The theater's official celebration of its 50th anniversary last week gave its supporters a chance to pause and reflect on just how many lives the nonprofit has touched, said Kristin Williams, president of the board.
"It is amazing to me how it has endured," Williams said. "Fifty years is a long time for an arts organization, and the Market House has not only lasted 50 years - it has thrived."
Only eight people founded the theater that now serves about 40,000 adults and children each year. Katherine and Robert Hassman, Dr. Ben Bradford, J.C. Dudley, Wilhemina Dudley, Greta Woodall, Charles Katterjohn and Charles Wahl banded together in October 1963 to create a "Little Theatre Group." Their first play, "The Male Animal," debuted in April 1964, despite the fact that the theater's current home on Market House Square wasn't ready to house the production. The International Brotherhood of Electrical Workers provided a temporary space for the performance.
"This may not sound like the most important move in the world to a lot of people but, actually, it is one of those sidelights which are vital to a community that wants to be progressive," Bill Powell, then the news editor of the Paducah Sun-Democrat, wrote in an editorial on the eve of the first performance.
The theater survived its first decade entirely on volunteer labor, and the dedication of the theater's family of supporters has only continued as the theater has grown.

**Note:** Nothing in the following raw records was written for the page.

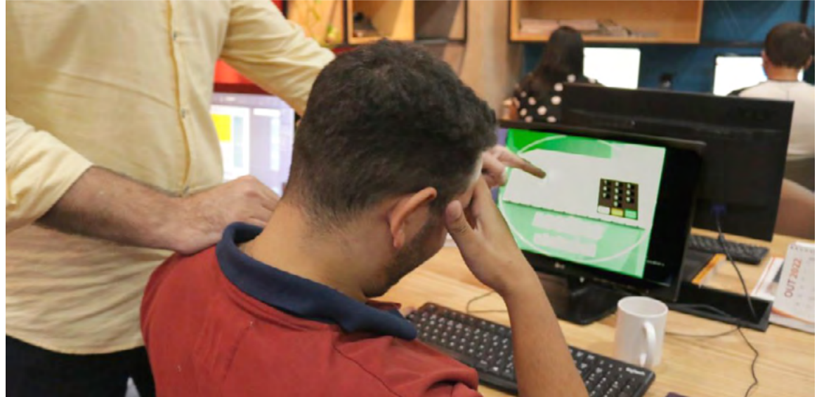
Práticas mais frequentes de assédio foram a dispensa discriminatória do trabalho

As práticas mais frequentes denunciadas ao MPT foram a dispensa discriminatória de trabalhadores em razão de seu voto ou de seu posicionamento político e o assédio para participação em bloqueios das vias públicas ou em atos contra as instituições democráticas, em razão do resultado do pleito eleitoral. O alto número de denúncias retrata os ânimos exaltados e o uso da violência e do assédio como práticas usuais na manipulação ou
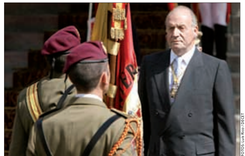
Foto superior: El batallón de honores desfilando por la Carrera de San Jerónimo. Inferior: Su Majestad el Rey, ante la Bandera de España.
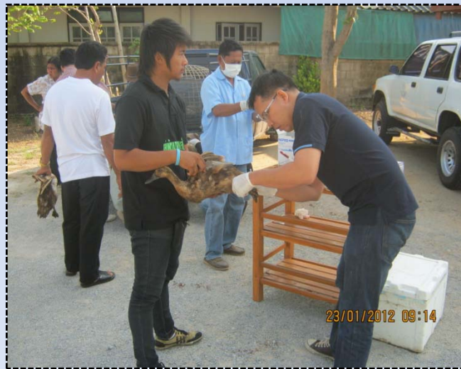
จัดทำโดย กลุ่มพัฒนาสุขภาพสัตว์
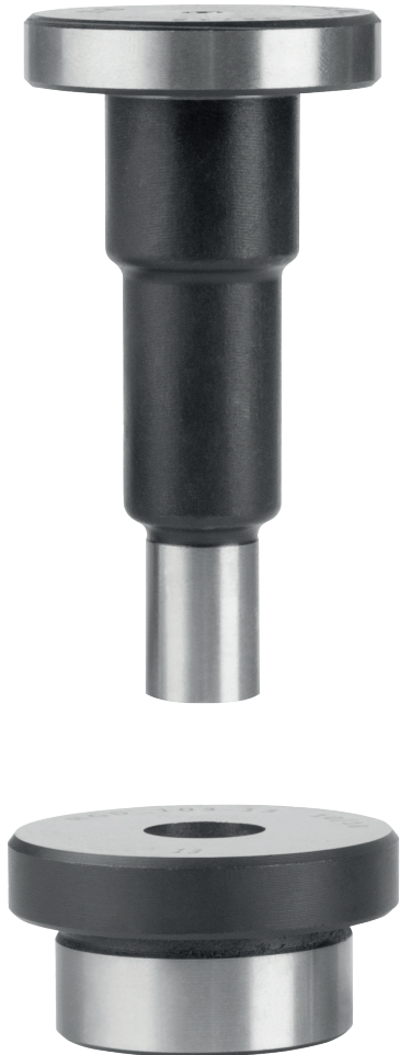
Locheinsätze, rund – Standardausführung
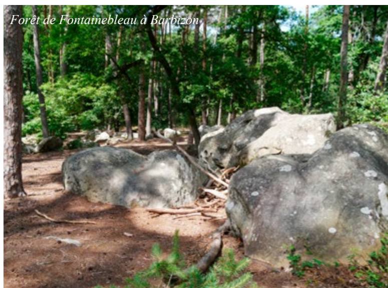
Forêt de Fontainebleau à Barbizon

Il est difficile d'imaginer qu'après la Révolution française ce château est vidé de son mobilier. En 1789, le feu prend et détruit certaines salles. Le domaine devient, entre 1803 et 1808, une caserne puis... une prison ! C'est Napoléon qui le fait remeubler et revivre. On peut visiter ses appartements, sa bibliothèque où il travaillait et le guéridon où il a signé son abdication le 4 avril 1814. C'est ici aussi qu'il avait tenté de se suicider la nuit du 12 au 13 avril 1814, mais le poison n'avait pas fait l'effet escompté. Il y reviendra le 20 mars 1815 avant son départ pour Sainte-Hélène. Les visiteurs y retrouveront notamment des salles consacrées à l'Empereur, dont la salle du trône avec son siège orné d'abeilles. Des porcelaines de Sèvres illustrent ses conquêtes. Une salle émouvante est consacrée à l'Aiglon, avec ses vêtements, ses jouets. Un fils mort trop tôt, à l'âge de 21 ans, en Autriche, alors qu'il avait changé de nom. On l'appelait désormais le duc de Reichstadt. L'Empereur y est représenté lors du Sacre et juste à côté, une vitrine montre sa redingote sombre

With a $1.25 million capital campaign, the theater expanded to three other historic buildings on the square in the late 1990s. It reached its 500th production in 2012 and broke box office records in 2013, selling 3,900 tickets to its production of "Les Miserables." The board has yet to announce the next step for the Market House, but Williams said the members have been evaluating the theater's growth potential.
Supporters say the theater owes much of its success to Michael Cochran, the theater's creative and executive director, and wife April, who is the education director. The two have worked at the Market House for a little more than 30 years.
"They are our teachers. They expect things to run like a professional theater," Shadle said. "We have been so fortunate to have them in Paducah to lead the way and set an example."
No matter how big the Market House family grows, the veteran actors say they always welcome new members.
"Just go audition," Shadle said. "You won't ever regret it."